Background: Research conducted using small samples of persons exposed to extreme stressors has documented an association between parental and offspring posttraumatic stress disorder (PTSD), but it is unknown whether this association exists in the general population and whether trauma exposure mediates this association. We sought to determine whether mothers' posttraumatic stress symptoms were associated with PTSD in their young adult children and whether this association was mediated by higher trauma exposure in children of women with PTSD.
Methods: Using data from a cohort of mothers (n = 6924) and a cohort of their children (n = 8453), we calculated risk ratios (RR) for child's PTSD and examined mediation by trauma exposure.

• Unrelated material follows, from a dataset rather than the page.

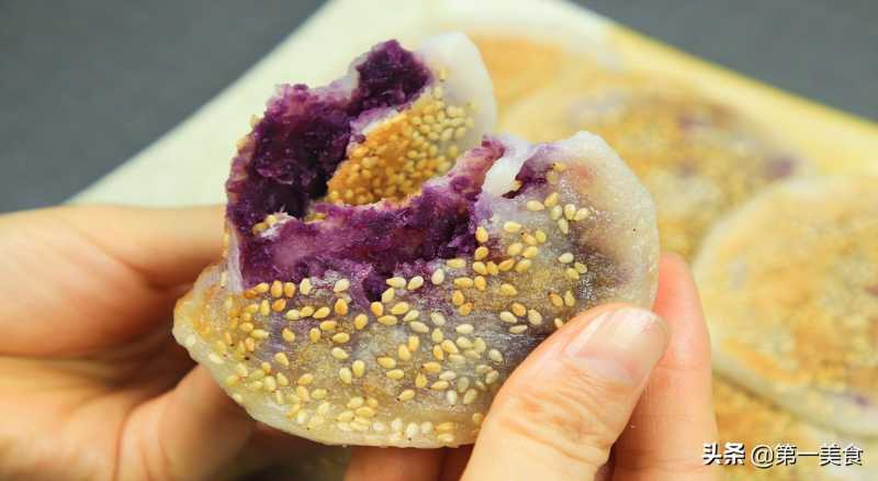 揪下一个糯米剂子 在手中团一团,手里可以沾上一点植物油防止面粘到手上,按成一个片,包上紫薯泥 。

Results: Mother's lifetime posttraumatic stress symptoms were associated with child's PTSD in dose-response fashion (mother's 1-3 symptoms, child's RR = 1.2; mother's 4-5 symptoms, RR = 1.3; mother's 6-7 symptoms, RR = 1.6, compared with children of mothers with no symptoms, p < .001 for each). Mother's lifetime symptoms were also associated with child's trauma exposure in dose-response fashion. Elevated exposure to trauma substantially mediated elevated risk for PTSD in children of women with symptoms (mediation proportion, 74%, p < .001).
Conclusions: Intergenerational association of PTSD is clearly present in a large population-based sample. Children of women who had PTSD were more likely than children of women without PTSD to experience traumatic events; this suggests, in part, why the disorder is associated across generations. Health care providers who treat mothers with PTSD should be aware of the higher risk for trauma exposure and PTSD in their children.